- _What you need to do_: Please produce a character-exact copy of the listing that follows, omitting all images.

- _Dataset excerpt_:

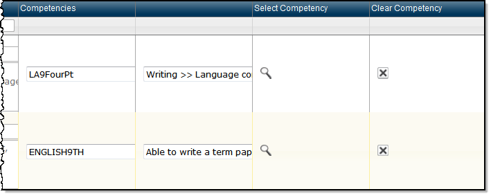 icon in the far right of the criterion's row to launch the Competency Selection pop-up dialog box. Select a competency by clicking in the row of the desired Competency and then click OK to enter it in the criterion's row. If your district has a large number of competencies, you can use the Competency Selection pop-up's sort and search features:
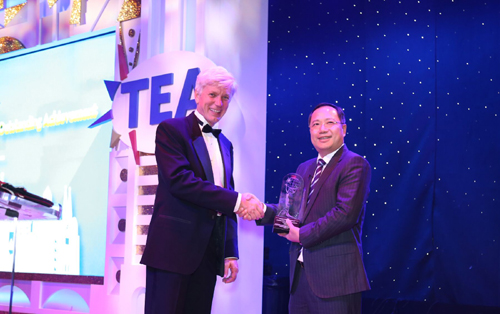 [香港商報網訊]記者陸紹龍報道:記者從珠海長隆國際海洋度假區獲悉,北京時間2015年3月22日早晨(美國洛杉磯當地時間3月21日晚),第21屆世界主題娛樂協會年度頒獎晚宴在美國洛杉磯阿納海姆區迪士尼酒店隆重舉行。長隆集團總裁陳萬成代表長隆集團旗下的橫琴長隆海洋王國領取了TEA全球主題娛樂協會2014年度唯一的“主題公園傑出成就獎”。
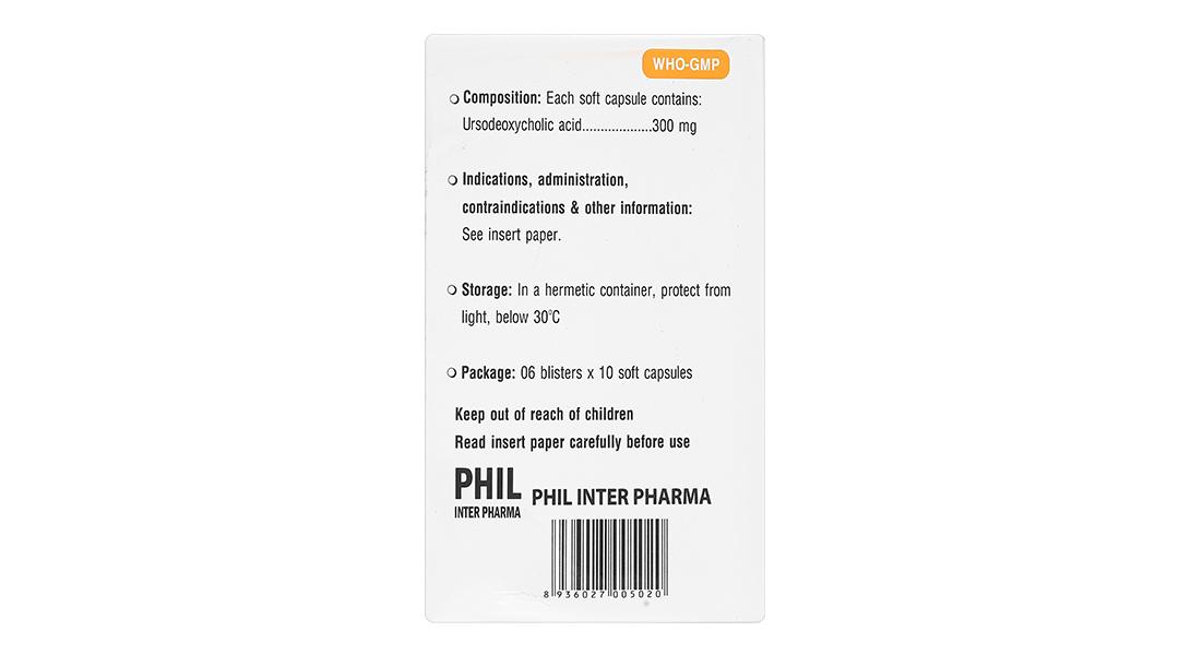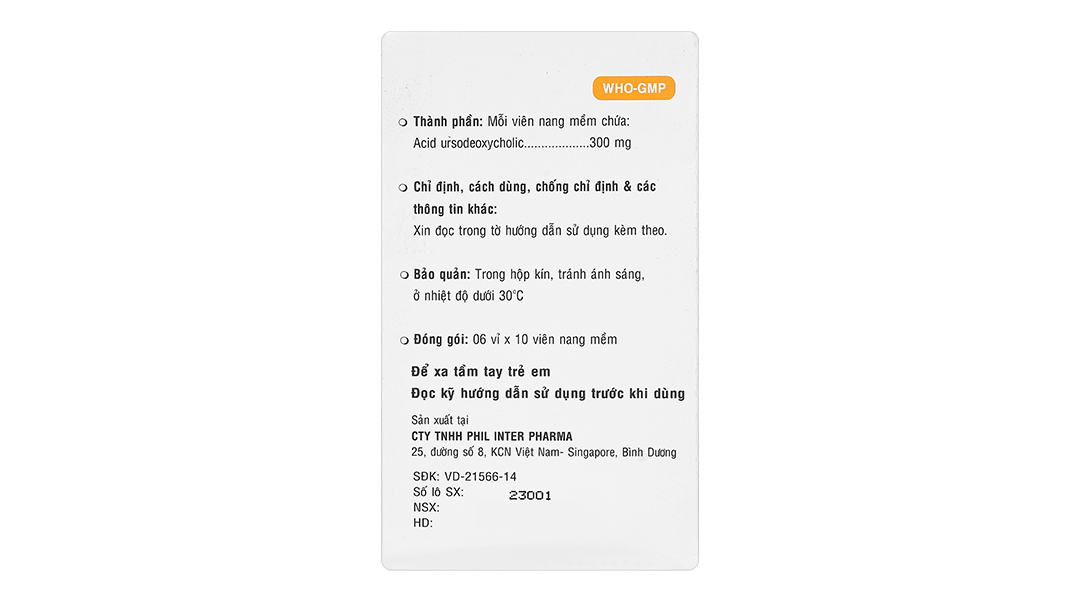 - Hoạt chất: Acid ursodeoxycholic 300 mg.

- _Solution_:
 icon in the far right of the criterion's row to launch the Competency Selection pop-up dialog box. Select a competency by clicking in the row of the desired Competency and then click OK to enter it in the criterion's row. If your district has a large number of competencies, you can use the Competency Selection pop-up's sort and search features:
 [香港商報網訊]記者陸紹龍報道:記者從珠海長隆國際海洋度假區獲悉,北京時間2015年3月22日早晨(美國洛杉磯當地時間3月21日晚),第21屆世界主題娛樂協會年度頒獎晚宴在美國洛杉磯阿納海姆區迪士尼酒店隆重舉行。長隆集團總裁陳萬成代表長隆集團旗下的橫琴長隆海洋王國領取了TEA全球主題娛樂協會2014年度唯一的“主題公園傑出成就獎”。
 - Hoạt chất: Acid ursodeoxycholic 300 mg.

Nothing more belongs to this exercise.